Ukraine on Tuesday marked the 30th anniversary of the Chernobyl disaster, with several events planned across the country to commemorate the tragedy that killed dozens in its aftermath but may ultimately be responsible for as many as 4,000 deaths as the effects of radioactive fallout continue to be felt three decades later on people who lived near the nuclear plant.
Sirens were sounded in Chernobyl early Tuesday morning, at the same moment as on April 26, 1986 when the town’s nuclear reactor first exploded, the BBC reported. A memorial service was held in the nearby town of Slavutych, constructed to rehabilitate workers living near the nuclear plant, who were the worst-affected by the blast.
Ukrainian President Petro Poroshenko attended a ceremony in Kiev and will officiate at another commemorative gathering at the site of the disaster later on Tuesday.
The explosion — which remains the biggest nuclear accident in history — resulted from an uncontrolled reaction at the plant, releasing large amounts of radioactive material that spread not just across Ukraine but beyond its borders to at least 40 different countries across the region. Some 572 million people are estimated to have faced various levels of exposure, with many facing various forms of cancer even today from the prolonged contamination of their food supply. According to a nonprofit called Bridges to Belarus, children near the Ukrainian border are still being born with deformities.

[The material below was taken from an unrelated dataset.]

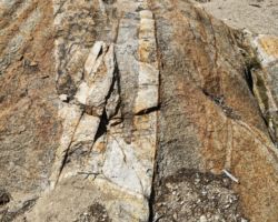 Bob and I wanted to explore up higher a little more to see if the road possibly continued on up and over the pass to the North, so we headed on up what may have been a trail, but soon petered out into perhaps seasonal creek or game trail. We picked and prodded under fallen trees and scrambled over boulders, climbing higher as we went. We stumbled into what appeared to be a rock outline for a cabin foundation or the perimeter of an old garden or sitting area. We soon found 2 areas where massive numbers of canned food and goods had been deposited. This definitely had been someone’s camp a long time ago. That was about the end of the line. If there was a path or route up and over the pass, we weren’t on it, and had been gone long enough. I had assumed Bill and Tom had headed on down from the mine ahead of us, but as we approached the first big rock face, here they sat. Reunited, we began the descent back to camp, getting another perspective on all the wonderful rock formations.

The disaster is still not over. Authorities are racing against time to complete the construction of a $3 billion sarcophagus to contain the uranium that remains inside the damaged reactor, while nearly $100 million was pledged by global donors on Monday towards the creation of an underground nuclear waste facility.
However, experts are concerned that the reactor could collapse, releasing even more lethal radiation into the air.